Given data:
-------
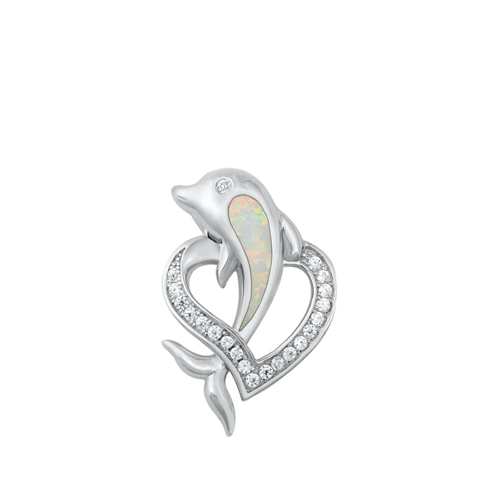 Sterling Silver White Synthetic Opal Dolphin Pendant Heart Ocean Love Charm 925
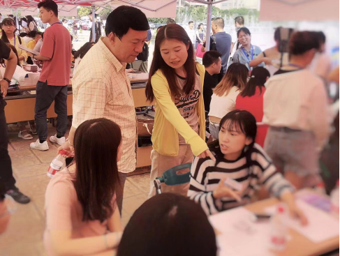 校内迎新工作也顺利开展,院团干部和迎新志愿者在经纬广场上引导新生办理注册、递交材料、办理校园卡等各项入学手续。院党委书记朱晋中也到现场了解新生报到情况,鼓励志愿者用热心、耐心和责任心助力迎新工作,偷拍自慰
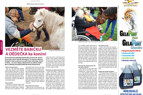 Že se kolem koní pohybuje hodně dětí, je známá věc. Ovšem že kontakt s koňmi působí blahodárně i na opačnou věkovou kategorii, tedy na seniory, to se příliš často nezmiňuje. A přeci to tak je… Se svými dojmy a zkušenostmi ze setkání s babičkami a dědečky se podělila v únorovém Jezdectví Adéla Barvínek Hendrychová.
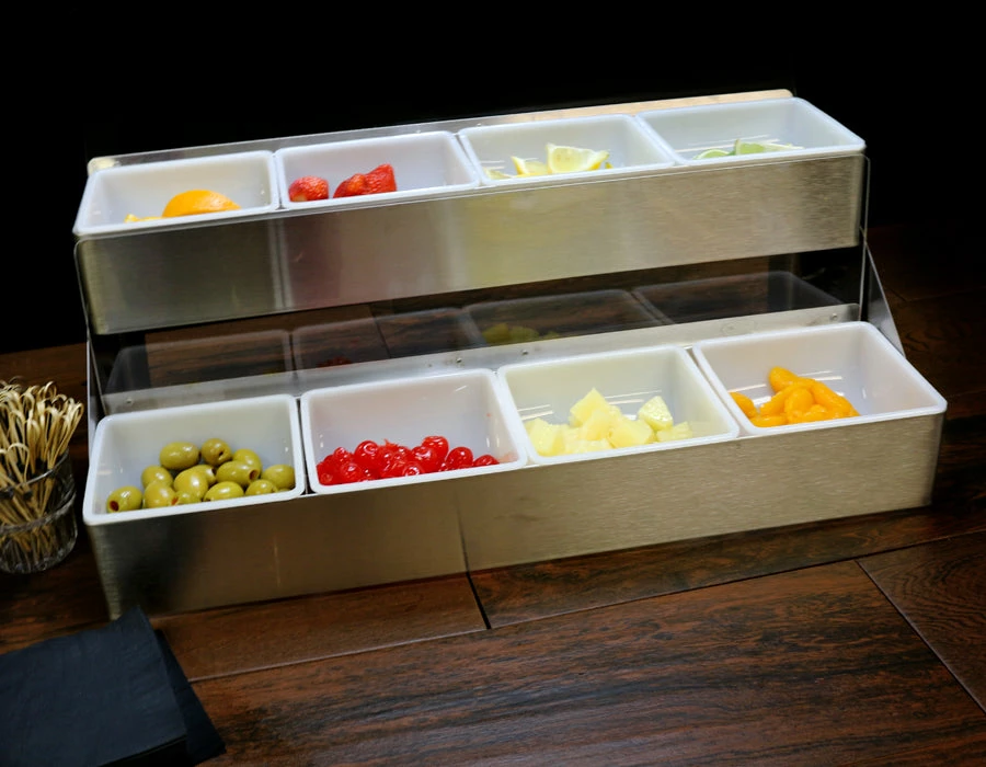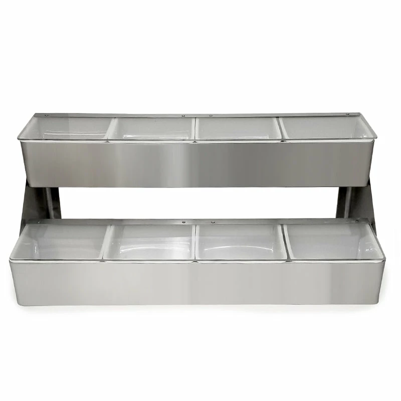 BarConic® This sleek stainless steel double layer quart garnish holder will give your bar top the space you need to craft beautiful cocktails with ease. Garnish Condiment Holders are perfect for storing all of your cocktail garnishes or providing a perfect space to present lemons, limes, olives, cherries, and more. This modern double stacker design allows for more space to display 8 different quart sized options.
-------
Problem to work on:
Your answer should consist solely of the lines from the one holding "校内迎新工作也顺利开展,院团" through the end of the listing, reproduced exactly and without pictures.

Written answer:
 校内迎新工作也顺利开展,院团干部和迎新志愿者在经纬广场上引导新生办理注册、递交材料、办理校园卡等各项入学手续。院党委书记朱晋中也到现场了解新生报到情况,鼓励志愿者用热心、耐心和责任心助力迎新工作,偷拍自慰
 Že se kolem koní pohybuje hodně dětí, je známá věc. Ovšem že kontakt s koňmi působí blahodárně i na opačnou věkovou kategorii, tedy na seniory, to se příliš často nezmiňuje. A přeci to tak je… Se svými dojmy a zkušenostmi ze setkání s babičkami a dědečky se podělila v únorovém Jezdectví Adéla Barvínek Hendrychová.
 BarConic® This sleek stainless steel double layer quart garnish holder will give your bar top the space you need to craft beautiful cocktails with ease. Garnish Condiment Holders are perfect for storing all of your cocktail garnishes or providing a perfect space to present lemons, limes, olives, cherries, and more. This modern double stacker design allows for more space to display 8 different quart sized options.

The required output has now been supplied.